• **Task prompt**: Please write out every record exactly, but keep any images out of it.

• **Material to process**:
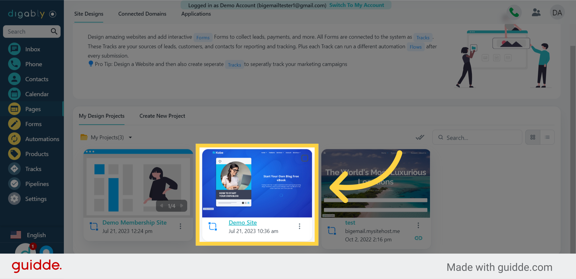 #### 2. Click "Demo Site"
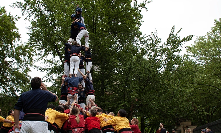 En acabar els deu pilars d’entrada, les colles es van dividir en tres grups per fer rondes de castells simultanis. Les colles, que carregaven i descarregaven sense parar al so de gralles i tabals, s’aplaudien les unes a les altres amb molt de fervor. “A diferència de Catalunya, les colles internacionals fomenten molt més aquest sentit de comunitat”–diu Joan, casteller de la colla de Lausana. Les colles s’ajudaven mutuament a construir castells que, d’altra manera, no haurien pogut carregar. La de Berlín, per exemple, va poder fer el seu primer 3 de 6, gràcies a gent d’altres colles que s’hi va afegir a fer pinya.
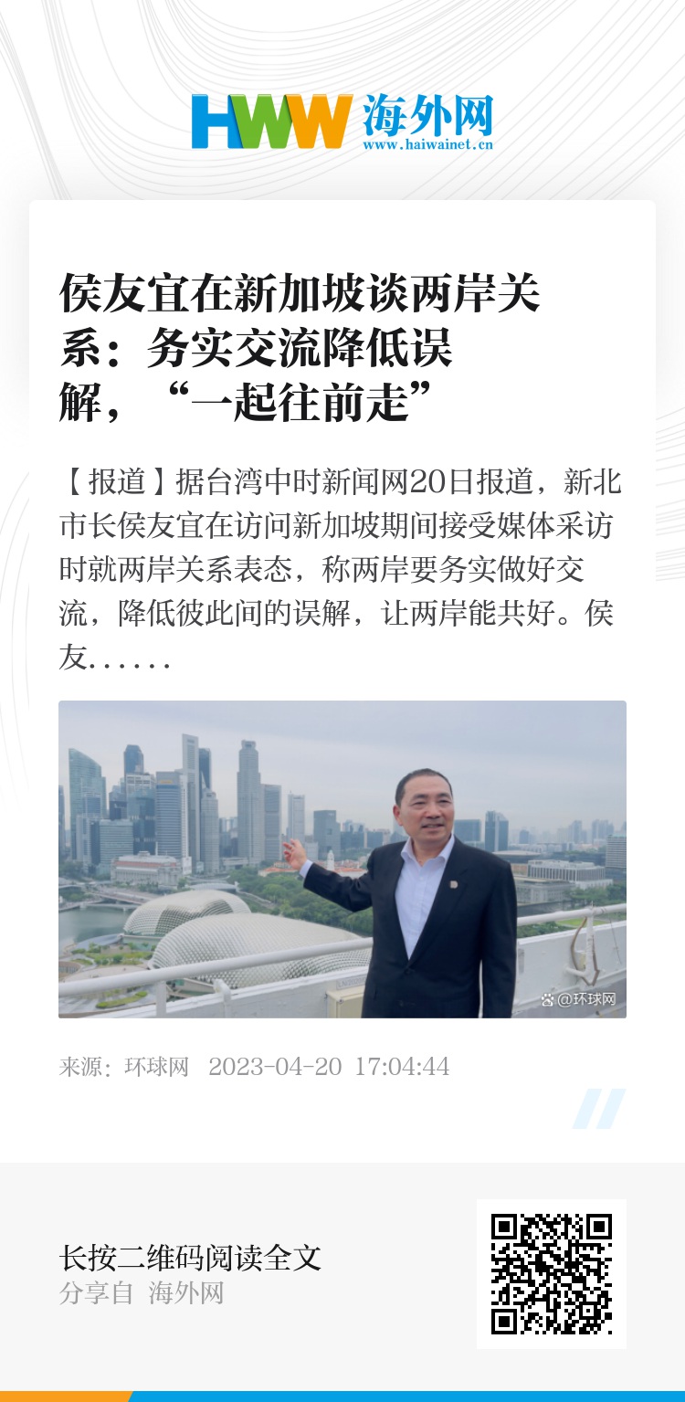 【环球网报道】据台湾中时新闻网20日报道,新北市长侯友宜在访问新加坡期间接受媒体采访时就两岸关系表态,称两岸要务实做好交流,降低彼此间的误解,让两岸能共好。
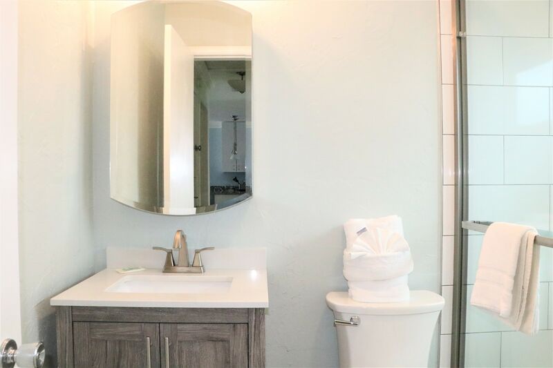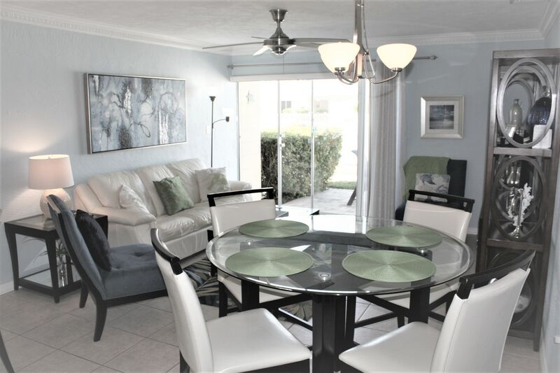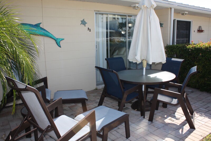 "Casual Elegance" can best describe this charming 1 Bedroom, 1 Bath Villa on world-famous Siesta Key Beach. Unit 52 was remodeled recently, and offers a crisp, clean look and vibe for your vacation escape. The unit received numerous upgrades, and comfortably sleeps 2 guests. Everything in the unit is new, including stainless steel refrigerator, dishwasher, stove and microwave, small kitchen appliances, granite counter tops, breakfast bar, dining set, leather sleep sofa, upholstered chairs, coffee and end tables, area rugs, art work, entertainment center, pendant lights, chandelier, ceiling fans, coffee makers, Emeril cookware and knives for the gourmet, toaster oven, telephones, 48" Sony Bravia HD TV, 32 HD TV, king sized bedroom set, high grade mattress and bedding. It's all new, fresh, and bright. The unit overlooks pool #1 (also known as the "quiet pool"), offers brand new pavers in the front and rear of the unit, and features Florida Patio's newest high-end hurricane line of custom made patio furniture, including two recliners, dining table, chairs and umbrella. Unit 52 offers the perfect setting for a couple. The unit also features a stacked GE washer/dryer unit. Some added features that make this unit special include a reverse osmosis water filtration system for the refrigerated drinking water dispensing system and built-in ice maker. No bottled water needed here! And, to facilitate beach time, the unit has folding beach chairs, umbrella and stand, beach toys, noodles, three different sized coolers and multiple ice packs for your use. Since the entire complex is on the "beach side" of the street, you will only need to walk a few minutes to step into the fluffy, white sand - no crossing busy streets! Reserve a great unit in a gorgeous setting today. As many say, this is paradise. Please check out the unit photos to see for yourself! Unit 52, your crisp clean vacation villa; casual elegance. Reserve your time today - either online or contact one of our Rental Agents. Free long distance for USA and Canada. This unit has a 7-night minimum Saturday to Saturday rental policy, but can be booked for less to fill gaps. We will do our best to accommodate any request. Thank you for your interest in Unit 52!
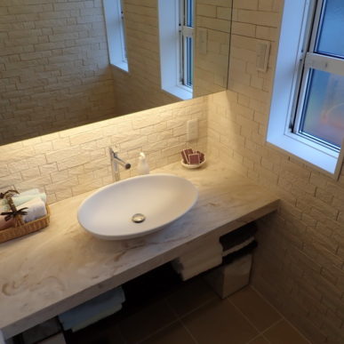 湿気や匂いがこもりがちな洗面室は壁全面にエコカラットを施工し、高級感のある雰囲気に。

• **Response area**:
 #### 2. Click "Demo Site"
 En acabar els deu pilars d’entrada, les colles es van dividir en tres grups per fer rondes de castells simultanis. Les colles, que carregaven i descarregaven sense parar al so de gralles i tabals, s’aplaudien les unes a les altres amb molt de fervor. “A diferència de Catalunya, les colles internacionals fomenten molt més aquest sentit de comunitat”–diu Joan, casteller de la colla de Lausana. Les colles s’ajudaven mutuament a construir castells que, d’altra manera, no haurien pogut carregar. La de Berlín, per exemple, va poder fer el seu primer 3 de 6, gràcies a gent d’altres colles que s’hi va afegir a fer pinya.
 【环球网报道】据台湾中时新闻网20日报道,新北市长侯友宜在访问新加坡期间接受媒体采访时就两岸关系表态,称两岸要务实做好交流,降低彼此间的误解,让两岸能共好。
 "Casual Elegance" can best describe this charming 1 Bedroom, 1 Bath Villa on world-famous Siesta Key Beach. Unit 52 was remodeled recently, and offers a crisp, clean look and vibe for your vacation escape. The unit received numerous upgrades, and comfortably sleeps 2 guests. Everything in the unit is new, including stainless steel refrigerator, dishwasher, stove and microwave, small kitchen appliances, granite counter tops, breakfast bar, dining set, leather sleep sofa, upholstered chairs, coffee and end tables, area rugs, art work, entertainment center, pendant lights, chandelier, ceiling fans, coffee makers, Emeril cookware and knives for the gourmet, toaster oven, telephones, 48" Sony Bravia HD TV, 32 HD TV, king sized bedroom set, high grade mattress and bedding. It's all new, fresh, and bright. The unit overlooks pool #1 (also known as the "quiet pool"), offers brand new pavers in the front and rear of the unit, and features Florida Patio's newest high-end hurricane line of custom made patio furniture, including two recliners, dining table, chairs and umbrella. Unit 52 offers the perfect setting for a couple. The unit also features a stacked GE washer/dryer unit. Some added features that make this unit special include a reverse osmosis water filtration system for the refrigerated drinking water dispensing system and built-in ice maker. No bottled water needed here! And, to facilitate beach time, the unit has folding beach chairs, umbrella and stand, beach toys, noodles, three different sized coolers and multiple ice packs for your use. Since the entire complex is on the "beach side" of the street, you will only need to walk a few minutes to step into the fluffy, white sand - no crossing busy streets! Reserve a great unit in a gorgeous setting today. As many say, this is paradise. Please check out the unit photos to see for yourself! Unit 52, your crisp clean vacation villa; casual elegance. Reserve your time today - either online or contact one of our Rental Agents. Free long distance for USA and Canada. This unit has a 7-night minimum Saturday to Saturday rental policy, but can be booked for less to fill gaps. We will do our best to accommodate any request. Thank you for your interest in Unit 52!
 湿気や匂いがこもりがちな洗面室は壁全面にエコカラットを施工し、高級感のある雰囲気に。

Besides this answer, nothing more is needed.